Entries taken from a collection:

__________

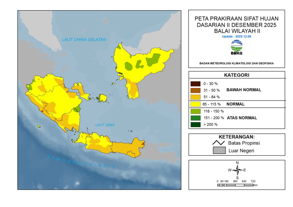 Sifat hujan Dasarian II Desember 2025 diprakirakan berada pada kategori Bawah Normal – Atas Normal. Kategori Atas Normal (>115%) diprakirakan terjadi di wilayah: sebagian kecil Jambi, Sumatera Selatan, Lampung, Kep. Bangka Belitung, Banten, Jawa Barat, dan Kalimantan Barat
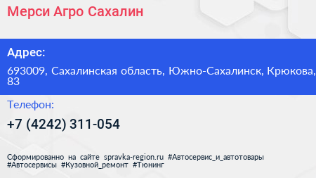 Мерси Агро Сахалин по адресу 693009, Сахалинская область, Южно-Сахалинск, Крюкова, 83 в дальнейшем Организация, размещена в следующих категориях:
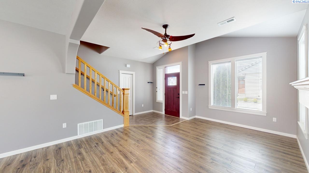MLS# 275468 This open concept floor plan has a great feel of light and space. The main level features luxury plank vinyl floors, large picture window in the living room, stone gas log fireplace with built-in media niche, architectural archways that blends into the dining room with a glass slider to the back deck. The kitchen has plenty of cabinets, quartz counters with subway tile back splash and stainless steel appliances. There is also a powder room and mechanical room with space to accommodate a pantry. The upper level features a spacious primary bedroom, well appointed bathroom with custom tile walk in shower and a large walk-in closet. There are two additional bedrooms, a full bathroom and laundry room on this level. Private fenced back yard and across the street from Sunnyside park and pathways.
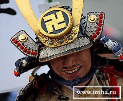 Все доспехи "боевого холопа» нередко обтягивались декоративной тканью определенного цвета или покрывались цветным лаком, что, вкупе с разноцветными шнурами, позволяло отличить своих самураев от "боевых холопов» неприятеля. Этой же цели служили и закрепленные за спиной "буси» опознавательные флажки ("касэ-дзири», а впоследствии - "сасимоно»), имевшие обычно (но далеко не всегда) форму вертикального по отношению к лревку прямоугольника, украшенные фамильными (или клановыми) гербами-"мон», эмблемами и иероглифическими девизами (типичным примером такого флага, дошедшего с самурайских времен до наших дней, является современный государственный флаг Японии с красным кругом Восходящего Солнца на белом поле, о чем еще пойдет речь далее). Порой на полотнище "сасимоно» изображалась личная эмблема его владельца (так, например, опознавательный флажок за спиной одного из военных предводителей самураев Северной Японии - Наримасы Сасы - был украшен черным изображением головы и верхней части туловища дьявола-"они» на белом поле). На белом полотнище "сасимоно» предводителя самураев Масасигэ Кусуноки (прикрепленного, между прочим, не к спинной части его доспеха, а к его правому наплечнику-"содэ»; такие опознавательные флажки именовались "содэ-дзири») был черной краской изображен не герб-"мон» самого доблестного "буси», всю свою жизнь сражавшегося только за самого Божественного Тэнно, не признавая над собой никаких других сюзеренов и господ и не обнажая меч ни за кого, кроме Микадо, а герб японского Императорского Дома – "хризантема над водой». Порой за спиной "буси» крепился не один, а два таких флажка, причем нередко на одном древке развевалось, вместо одного большого, несколько флажков сравнительно небольшого размера. В отдельных случаях (например, у конных гвардейцев первого объединителя Японии полководца-христианина Нобунаги Оды из отряда "Черных дьяволов») эта пара заплечных флажков приобретала форму настоящих "крыльев», подобных крыльям за плечами конников турецкой Османской (Оттоманской) Империи, литовских и польских гусар Речи (Жечи) Посполитой и конных телохранителей-"жильцов» Московских Государей).
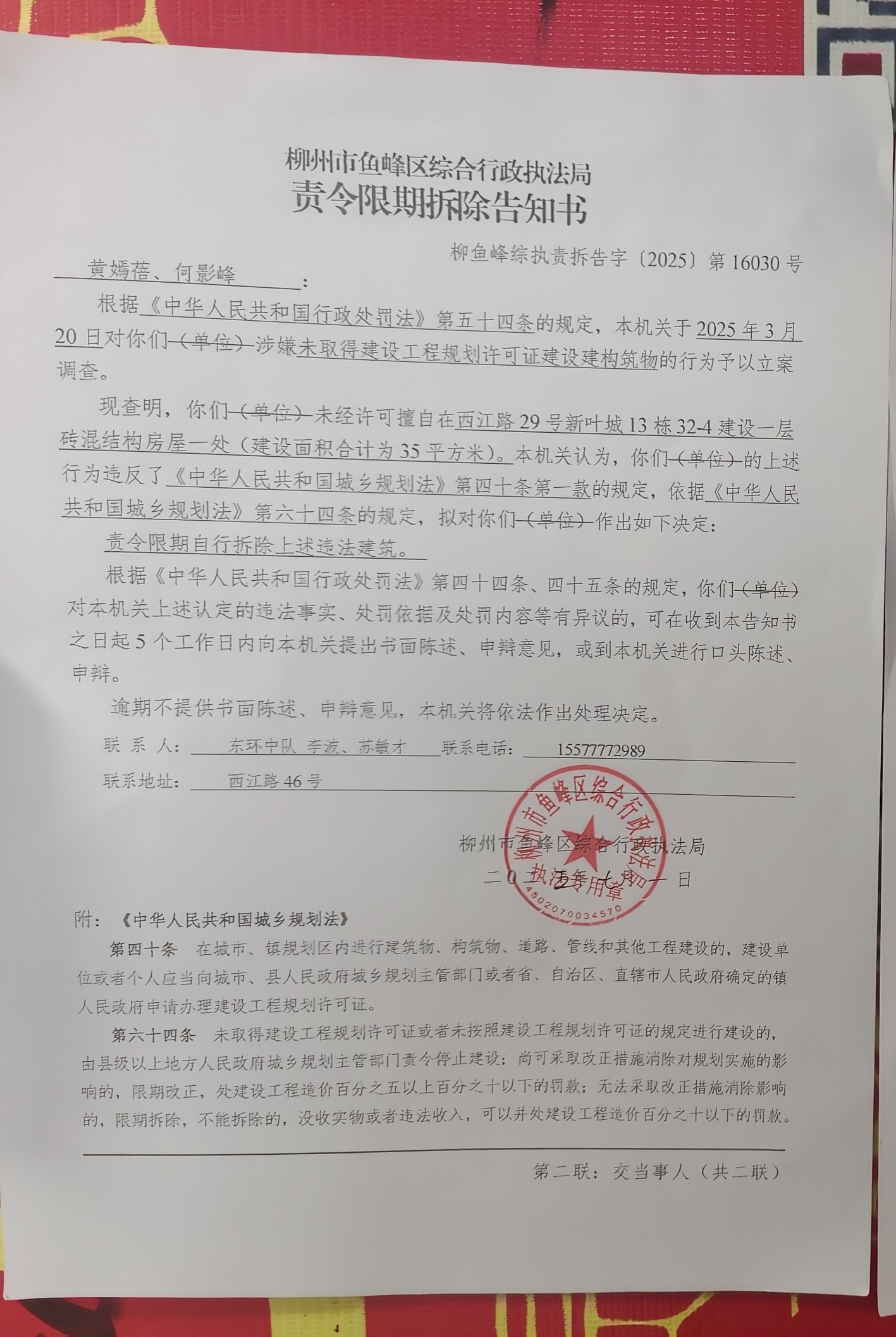 2025年7月1日,柳州市鱼峰区综合行政执法局依法作出《责令限期拆除告知书》(柳鱼峰综执责拆告字〔2025〕第16030号)。因采取直接送达、留置送达、邮寄送达等其他送达方式均无法向当事人黄嫣蓓、何影峰送达,为确保当事人的合法权益,根据《中华人民共和国民事诉讼法》第九十五条第一款,《中华人民共和国行政处罚法》第六十一条第一款,《住房和城乡建设行政处罚程序规定》第三十六条第二款之规定向黄嫣蓓、何影峰公告送达《责令限期拆除告知书》(柳鱼峰综执责拆告字〔2025〕第16030号),公告期为三十日,公告期满即视为送达。(本公告中的受送达对象:黄嫣蓓、何影峰)
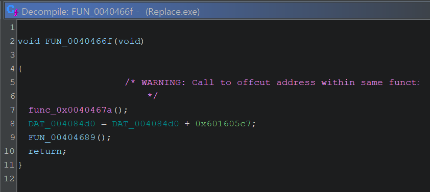 FUN_0040466f() 의 첫 번째 명령이 CALL LAB_00404674+6(0040467a) 이다. 잘 살펴보면 0040467a 라는 주소는 바로 아래 명령의 중간 부분이다. 뭔가 이상해서 첫 번째 그림에서와 같이 0040467a 호출 명령은 다른 함수들과 달리 소문자로 주석과 같은 분홍색으로 표시되는거 같다.
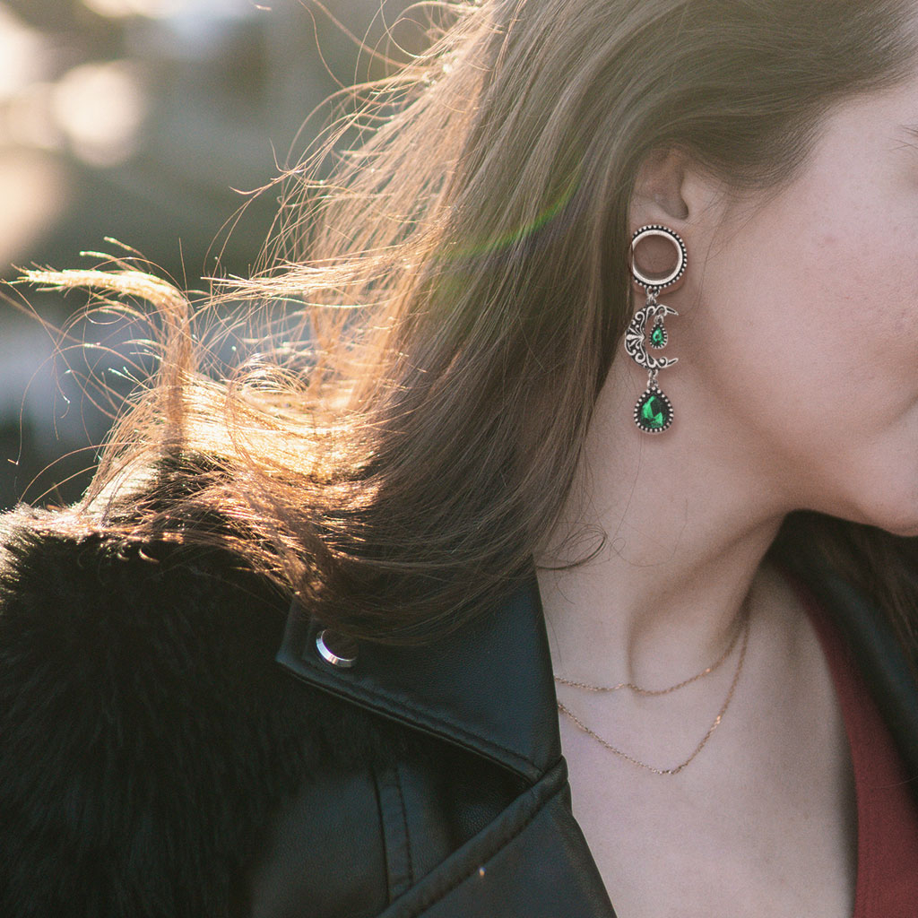 La grande majorité des tunnels est généralement composée d'un seul anneau. Parfois, il y a aussi certains éléments décoratifs. Avec ce modèle, nous avons fait un grand pas en avant et ajouté un pendentif plus long sur les bijoux. Le pendentif se trouve au dessous de l'anneau. L'anneau à insérer dans le trou existe dans plusieurs tailles.
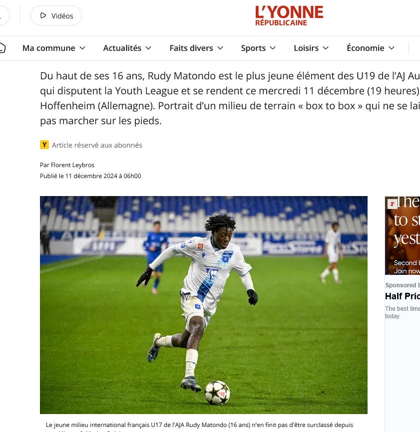 Matondo joined AJ Auxerre from US Grigny at the end of his U15 season in 2023 - the 50km radius cap is lifted when players enter their U16 season, and can therefore join a professional club.
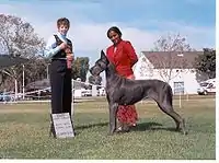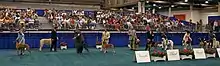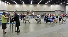 Cães competem no show de conformação para ganhar pontos ou certificação de títulos de campeão.
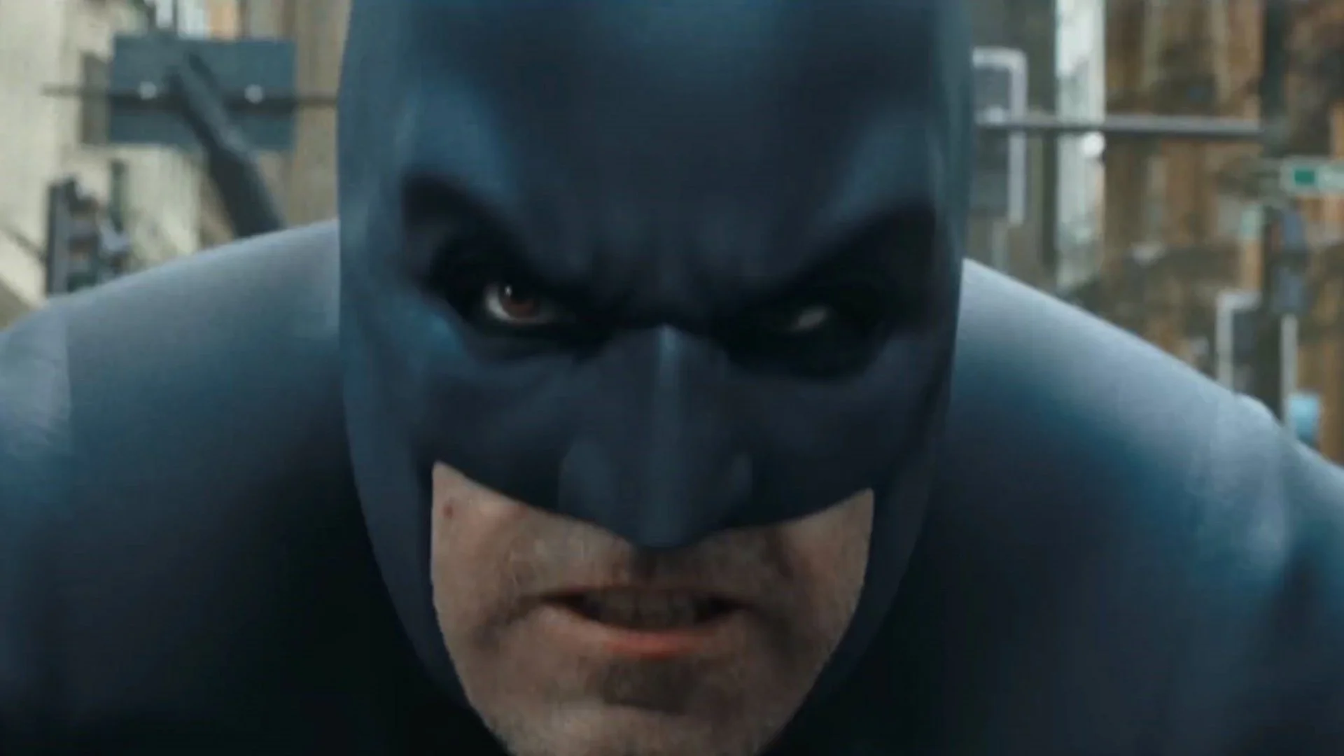 We don't get a full look at the costume, but even from the chest up, it's clear that this silver and black suit is at least slightly different to the one that Affleck wore in the theatrical cut.
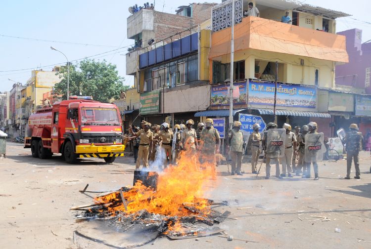 Protest turns violent on Chennai’s Marina Beach after retreating protesters vehicles torched and petrol bombs lobbed in Chennai City on 23rd January 2017.
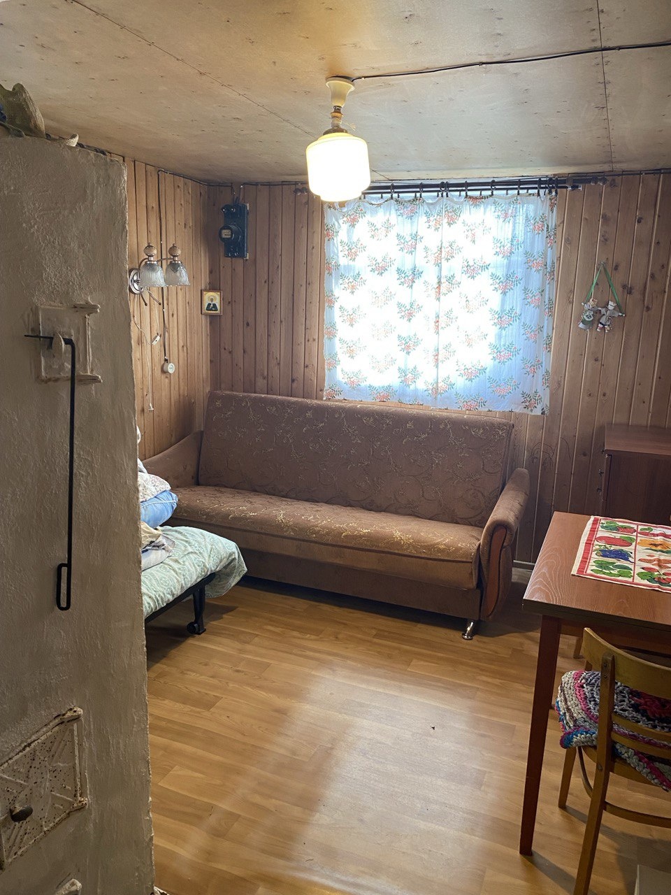 Дом из бpуcа нeбольшой, но oчeнь уютный - 2 cпальни, куxoнная зонa, чеpдaчнoе помeщениe для xранения вещей (см плaниpовку нa фoто)
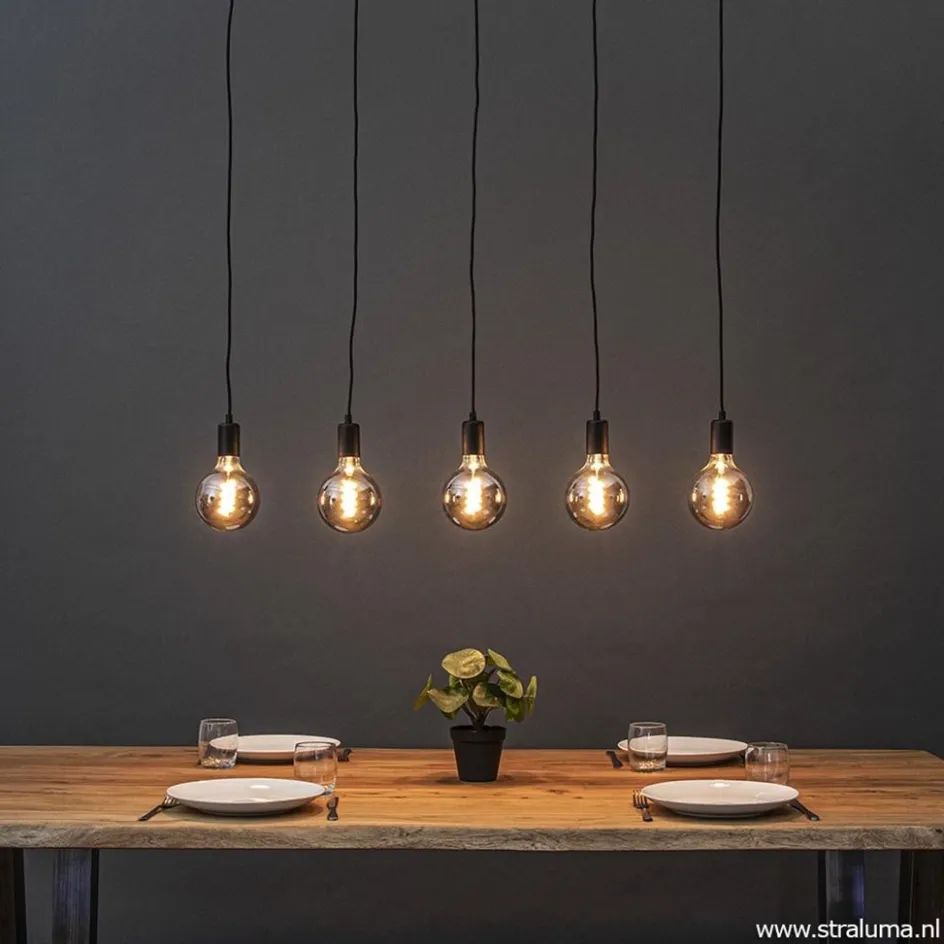 Hanglamp balk 110cm + 5x pendel zwart>Straluma Clearance
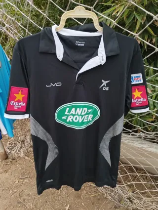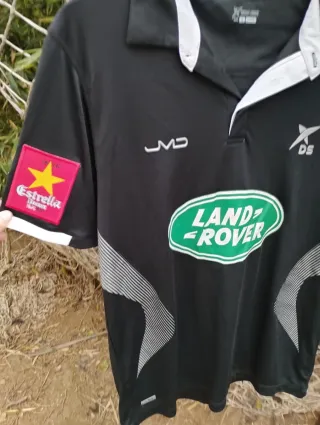 Camiseta de pádel negra con detalles blancos, ideal para entrenamientos o partidos. Dropshot - Patrocinador principal: land Rover - Juan Martín Díaz, con su nombre en la espalda, campeón del mundo - Año 2014 aproximadamente - Con el parche de World pádel tour en la manga - Talla L - Logo de JMD en el pecho. - Parche de Estrella Damm en la manga. - Diseño con líneas plateadas en los laterales. En muy buen estado
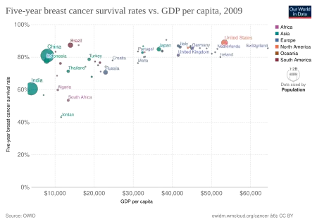 A 25-year-old woman with no mutation in her BRCA genes has an 84% probability to reach at least the age of 70.[17] Of those not surviving, 11% die from either breast or ovarian cancer, and 89% from other causes.
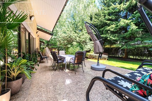 Ogród należy do przestrzeni wyjątkowo zadbanych i zazielenionych. Dzięki bardzo dużej ilości roślin, w tym obecności drzew wysokich, w jego przestrzeni zawsze odnaleźć można liczne zacienione fragmenty. Doskonale łączy się on również z rozległymi tarasami przynależącymi do domu. Działka o wymiarach 50 x 75 metrów posiada również system automatycznego nawadniania, który zasilany jest wodą pochodząca z własnej studni.
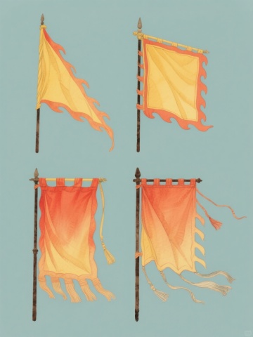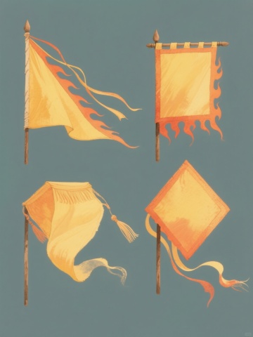 一组6个不同配色、不同造型的旗帜素材集合,保持3D立体风格,规整排布在纯色背景上,每个旗帜都有金色的边框和装饰,顶部有金色的挂饰和红色的流苏,旗帜主体呈现出不同的颜色和独特的金色图案设计,光影效果突出,质感细腻,整体视觉统一且富有层次感
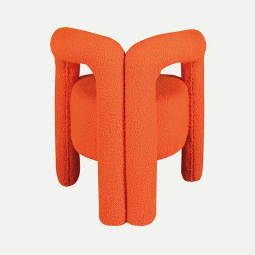 - Vibrant orange, textured fabric upholstery

__________

Every line from the one with "一组6个不同配色、不同造型的" through the last line of the data must be copied exactly. Leave the pictures out.

 一组6个不同配色、不同造型的旗帜素材集合,保持3D立体风格,规整排布在纯色背景上,每个旗帜都有金色的边框和装饰,顶部有金色的挂饰和红色的流苏,旗帜主体呈现出不同的颜色和独特的金色图案设计,光影效果突出,质感细腻,整体视觉统一且富有层次感
 - Vibrant orange, textured fabric upholstery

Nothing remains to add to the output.